How MAC Lockdown works

When a device's MAC address is locked to a port (typically in a pair with a VLAN) all information sent to that MAC address must go through the locked-down port. If the device is moved to another port it cannot receive data. Traffic to the designated MAC address goes only to the allowed port, whether the device is connected to it or not.

MAC Lockdown is useful for preventing an intruder from "hijacking" a MAC address from a known user in order to steal data. Without MAC Lockdown, this causes the switch to learn the address on the malicious user's port, allowing the intruder to steal the traffic meant for the legitimate user.

MAC Lockdown ensures that traffic intended for a specific MAC address can only go through the one port which is supposed to be connected to that MAC address.
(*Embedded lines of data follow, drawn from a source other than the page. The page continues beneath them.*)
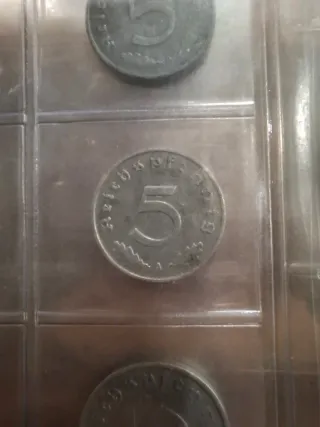 Preço de cada moeda. Moedas da Alemanha, 5 Pfennig, período do Terceiro Reich (1933–1945), nazi. País: Alemanha Ano: 1940 B, G Ano: 1941 A Ano: 1942 A Ano: 1943 A Material: Zinco Originais, não são réplicas. Moedas com circulação, mas com detalhes visíveis, incluindo a águia imperial e inscrição original. 📸 Envio fotos das moedas que vão comprar para mostrar o estado real da moeda. 📦 Possível entrega em mão a combinar em Viseu ou Nelas. Se estiveres interessado em mais moedas do mesmo período, tenho outras datas e denominações disponíveis — posso fazer lote.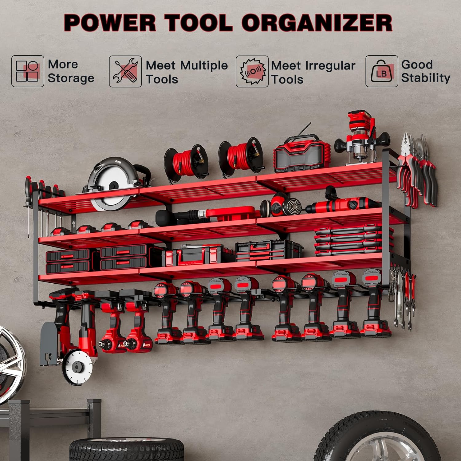48" Large Power Tools Organizer Wall Mount,12 Drill Holder for Garage, Workshop Heavy Duty Storage Rack (Red)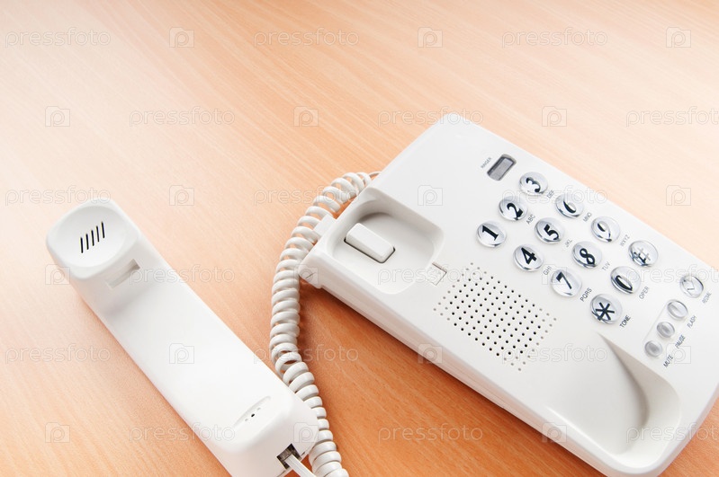 Белый рабочий телефон на столе крупным планом

It does not prevent intruders from transmitting packets with the locked MAC address, but it does prevent responses to those packets from going anywhere other than to the locked-down port. Thus TCP connections cannot be established. Traffic sent to the locked address cannot be hijacked and directed out the port of the intruder.

If the device (computer, PDA, wireless device) is moved to a different port on the switch (by reconnecting the Ethernet cable or by moving the device to an area using a wireless access point connected to a different port on that same switch), the port detects that the MAC Address is not on the appropriate port and continues to send traffic out the port to which the address was locked.

Once a MAC address is configured for one port, you cannot perform port security using the same MAC address on any other port on that same switch.

You cannot lock down a single MAC Address/VLAN pair to more than one port; however you can lock down multiple different MAC Addresses to a single port on the same switch.

Stations can move from the port to which their MAC address is locked to other parts of the network. They can send but not receive data, if that data must go through the locked-down switch.

NOTE:

If the device moves to a distant part of the network where data sent to its MAC address never goes through the locked-down switch, it may be possible for the device to have full two-way communication. For full and complete lockdown network-wide, all switches must be configured appropriately.

  • Once you lock down a MAC address/VLAN pair on one port that pair cannot be locked on a different port.

  • You cannot perform MAC Lockdown and 802.1X authentication on the same port or on the same MAC address. MAC Lockdown and 802.1X authentication are mutually exclusive.

  • Lockdown is permitted on static trunks (manually configured link aggregations).